NO this is not an oddity:
http://www.dailykos.com/story/2006/2/4/105428/3568
education:
doc vs actuarial… actuarials take a series of 8 advanced math tests over a period of 10yrs (and are exposed to free market dynamics ie layoffs, recessions). Further the insurance game is based on equity, ie anyone can try to take the tests… cannot docs be exposed to this level of rigor?
GO FREE MARKETS, game on !
Well, looks like ADD has found a new voice.
“Medicine should be and should stay an attractive profession whose members come to their place by honest but real competition. That is the only path to quality.”
so why do docs fight transparency, having the records available to consumers, AND why quality so poor (doc error in top ten ways to die)
seems like that honest but real competition docs like to think their forged in is alot of hot air
The commenter above does not understand. The reference to competition has to do with applying to medical school. What does that have to do with “transparency,” what that is supposed to mean? Nothing, unless the anonymous poster thinks academic applications are the business of the public, which they are not, or at least not anywhere else. Why you think that medical school applications have anything at all to do with anything else you mention is a relationship known only to you.
“Transparency,” in what, in state board of medicine proceedings? Those organizations’ operating rules are established by state laws. Write your state representative if you don’t like that. Or maybe you mean transparency of court records in medical malpractice cases. Usually those are the purview of state law and the actions of the court judge memorializing any settlement agreement.

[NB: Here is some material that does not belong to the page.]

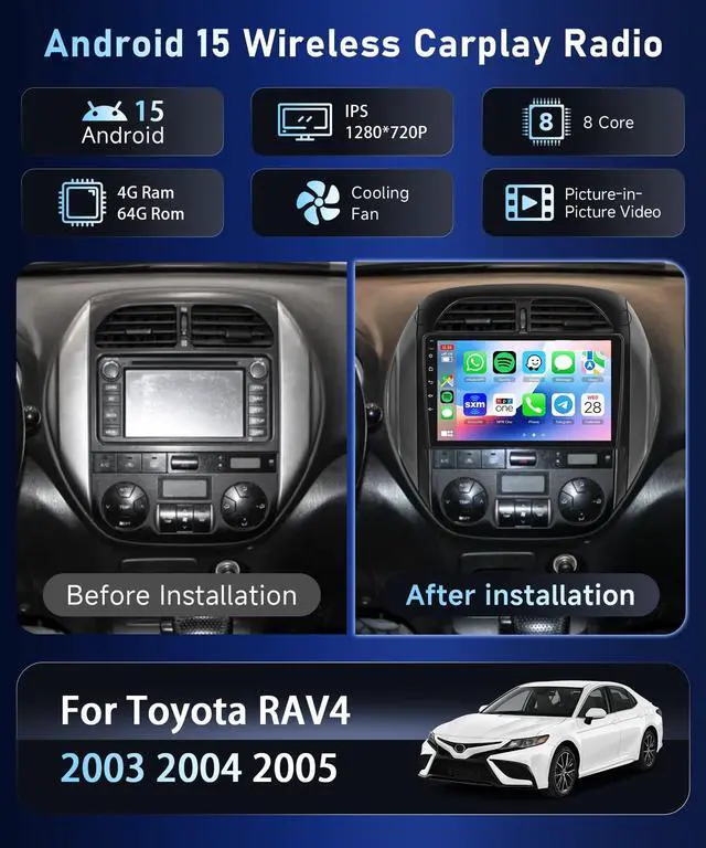 9-Inch with Snapdragon 8-Core 4+64GBFor Toyota RAV4 2003-2005 Car Stereo Experience the pinnacle of in-car entertainment with HD IPS touchscreen car stereo, powered by a robust 8-core processor and featuring 4GB RAM+64GB ROM. Android touch screen car stereo with resolution of 1280*720, while the scratch-resistant, Anki-knock, and high-temperature protection ensure durability. Enjoy a wide color gamut with Display P3/SRGB ^^ Wireless Carplay/Android AutoFor Toyota RAV4 carplay double din dash kit supports wireless Car Play/Android Auto/Mirror link connect, while WIFI and Bluetooth 5.1 ensure swift and stable connections, project the contents of your phone to the large car screen of the Toyota RAV4 car radio, and you can share your favorite videos, pictures, etc.

Don’t like it? Write your congressman. What records “available” to consumers, then? In hospital medical staff proceedings? Those are private organizations, generally, they aren’t required to publicize anything unless action triggers reports to the National Practitioner Database. And access to that database is defined by law, not by “the docs”. Again, if you think you have a right to that information, write your congressman. But imagining that there are secret files somewhere that give a Consumer Reports overview of medical providers is paranoid raving.
The suggestion that medical error is among the top ten causes of death is based on what, exactly, sensational press releases of methodologically flawed “studies” done by the IOM? And how that has anything to do with medical school applications is an explanation I just can’t wait to hear.